§ Task prompt
Only the lines from the one that contains "ومن الأدلة القرآنية" to the last line below, both included, should be transcribed. Pictures stay out of the copy.

§ Information shown
* * *
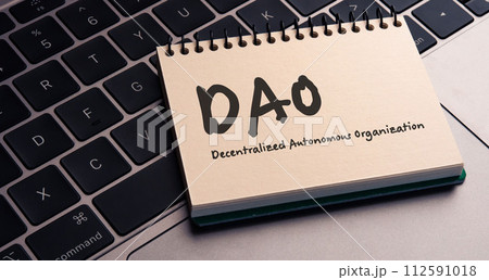 DAOの文字。分散型自律組織。3つの木製ブロックに書かれている。黒い文字。木製テーブルの背景。
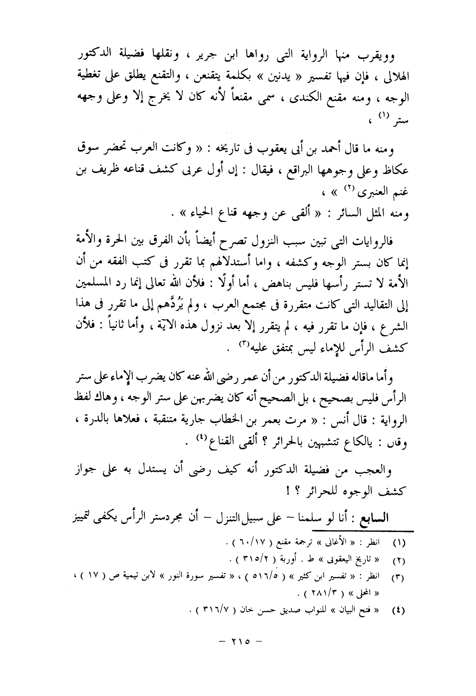 ومن الأدلة القرآنية على احتجاب المرأة وسترها جميع بدنها حتى وجهها قوله تعالى: (يَا أَيُّهَا النَّبِيُّ قُلْ لِأَزْوَاجِكَ وَبَنَاتِكَ وَنِسَاءِ الْمُؤْمِنِينَ يُدْنِينَ عَلَيْهِنَّ مِنْ جَلَابِيبِهِنَّ) فقد قال غير واحد من أهل العلم: إن معنى (يُدْنِينَ عَلَيْهِنَّ مِنْ
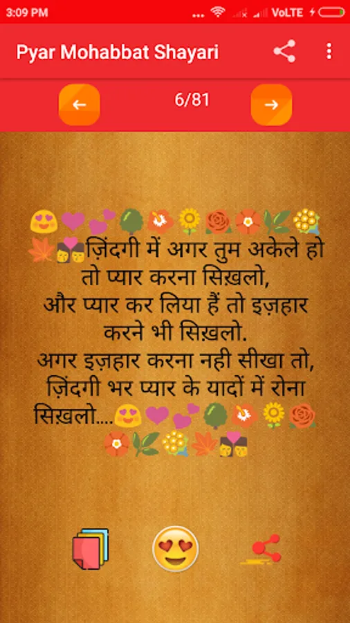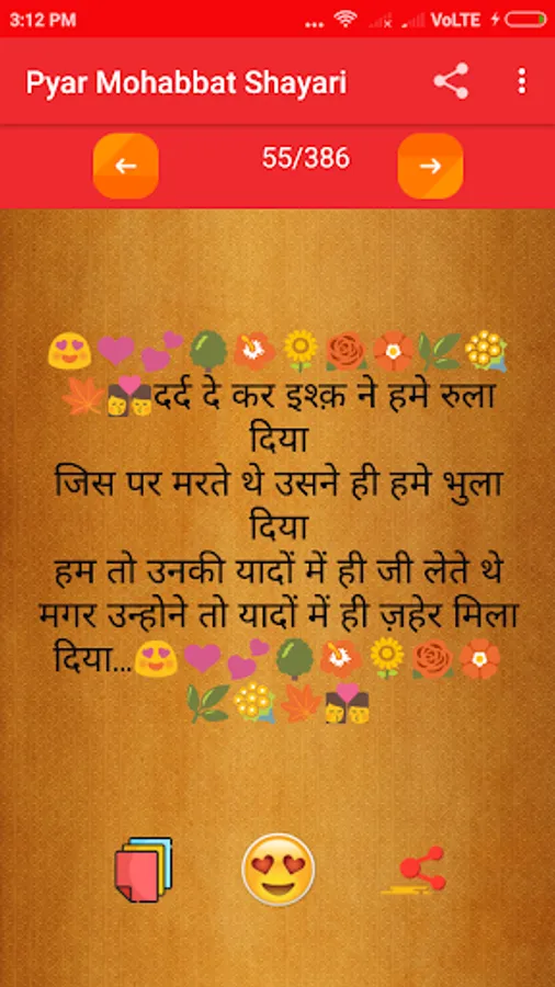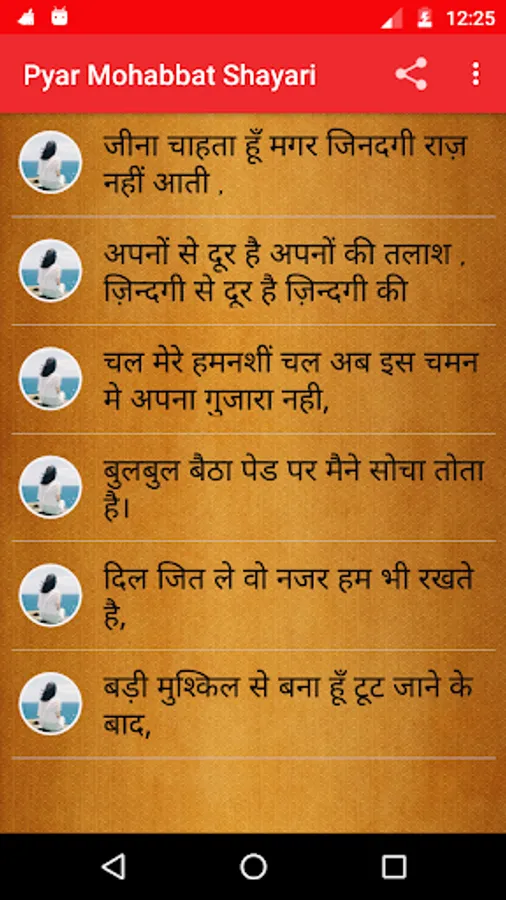 This app contains one of the most popular and creative shayari that will express your emotion for someone else . Once you will have this apps you can read and share easily shayari to anyone using custom and nice user interface
* * *
§ Response to the task
 ومن الأدلة القرآنية على احتجاب المرأة وسترها جميع بدنها حتى وجهها قوله تعالى: (يَا أَيُّهَا النَّبِيُّ قُلْ لِأَزْوَاجِكَ وَبَنَاتِكَ وَنِسَاءِ الْمُؤْمِنِينَ يُدْنِينَ عَلَيْهِنَّ مِنْ جَلَابِيبِهِنَّ) فقد قال غير واحد من أهل العلم: إن معنى (يُدْنِينَ عَلَيْهِنَّ مِنْ
 This app contains one of the most popular and creative shayari that will express your emotion for someone else . Once you will have this apps you can read and share easily shayari to anyone using custom and nice user interface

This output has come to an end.